Climate activists say fossil fuel-emitting companies should fund Australia fire recovery

By Kristin Toussaint

Record-high temperatures, a persistent drought, and an abundance of dried vegetation that acts as fuel for flames have turned Australian bushfires into a national and global catastrophe. Climate change may not be the sole cause of these blazes, but it has made them worse, experts say, and now, Australian activists are calling for a tax on major fossil-fuel emitting companies in order to pay for the country’s fire management and recovery efforts.

“Businesses and everyday Australians are paying for impacts of climate change that are being fueled by fossil producers,” Richie Merzian, climate and energy program director at the progressive Australia Institute think tank, says in a recent statement. “Every tonne of coal or gas mined in Australia adds approximately 2.5 tonnes of heat trapping gas to the atmosphere, making bushfires more frequent and more intense. It’s time they made a contribution to paying for the climate disasters they are fueling.”

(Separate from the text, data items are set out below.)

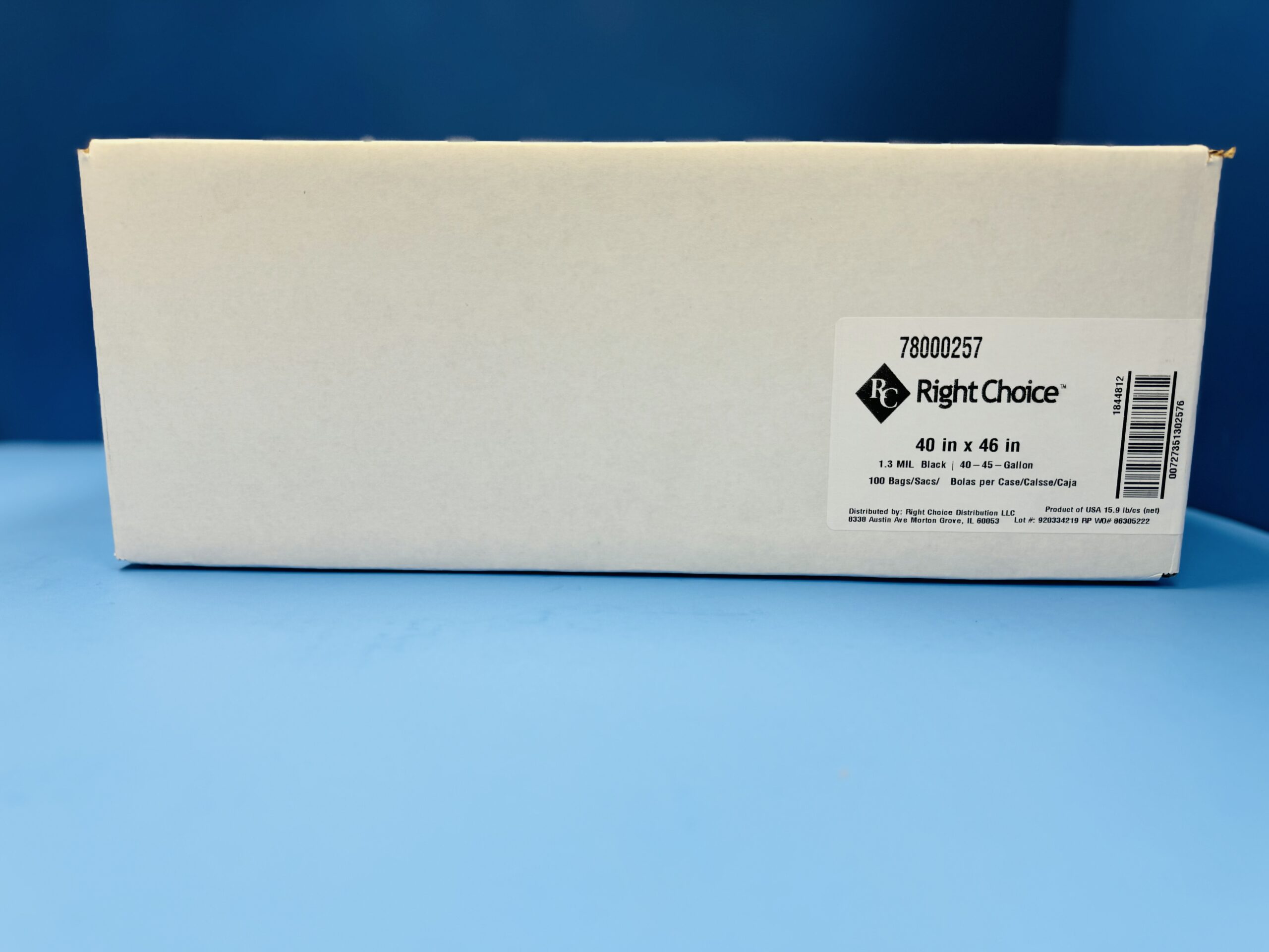 Black Trash Liners, 40-45 gal, 40″ x 46″, 1.3 mil, 20 Bags Per Roll, 5 Rolls Per Case;
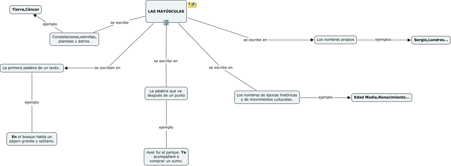 Este Cmap, tiene información relacionada con: Las mayúsculas-Larisa, LAS MAYÚSCULAS se escribe en Los nombres propios, Los nombres de épocas históricas y de movimientos culturales. ejemplo Edad Media,Renacimiento..., Constelaciones,estrellas, planetas y astros. ejemplo Tierra,Cáncer, La primera palabra de un texto. ejemplo En el bosque había un pájaro grande y solitario., LAS MAYÚSCULAS se escribe en Los nombres de épocas históricas y de movimientos culturales., LAS MAYÚSCULAS se escribe Constelaciones,estrellas, planetas y astros., LAS MAYÚSCULAS se escribe en La palabra que va después de un punto, LAS MAYÚSCULAS se escriben en La primera palabra de un texto., Los nombres propios ejemplos Sergio,Londres..., La palabra que va después de un punto ejemplo Ayer fui al parque. Te acompañaré a comprar un zumo.
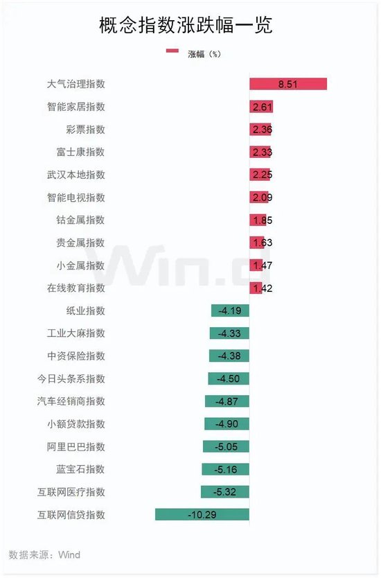 从盘面来看,Wind概念板块多数下跌,互联网信贷指数跌10.29%,互联网医疗指数跌5.32%,蓝宝石指数跌5.16%。涨幅方面,大气治理指数涨8.51%,智能家居指数涨2.61%,彩票指数涨2.36%。
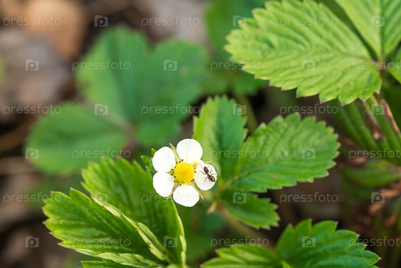 Муравей, ползущий по лепесткам цветущего клубничного куста в саду весной

The Australian Institute says that a tax of $1 per ton of embodied emissions would raise $1.5 billion per year for the National Climate Disaster Fund—a monetary effort that the institute has been calling for since at least December 2019. In a paper published that month, Mark Ogge of the Australian Institute wrote that, “Australia urgently needs a dedicated, independently administered fund to meet the escalating costs of natural disasters due to global warming.”

The economic impact of Australia’s bushfires is set to surpass $4.4 billion, the former record cost, which was set by 2009’s Black Saturday bushfires, among the country’s all-time worst fire disasters. The Australia Institute says those one-day fires actually cost upwards of $7 billion, and that the current blazes, which have no end in sight, could still add up to a higher cost. The tax on high-polluting companies could be used to help businesses recover, fund more firefighting equipment like water-dropping planes, or help fund paid leave for volunteer firefighters.

Australian prime minister Scott Morrison did recently announce that at least $2 billion in funds would go toward bushfire recovery and that “if further [government] funds are required, further funds will be provided.” But to the Australian Institute and other climate activists, it’s not enough to solely rely on state and national budgets when it comes to handling climate catastrophes.

Two-thirds of Australians say that governments should “mobilize all of society to tackle climate change, like they did during the World Wars,” according to Australian Institute research. (Also according to their research, 62% of Australians would support a policy that taxes fossil fuel producers in order to ease the financial burden on the public of these fires .) “It is a fundamental principle of economics,” Merzian says in a statement, “that companies profiting from activities that cause damage to others should pay the costs of that damage.”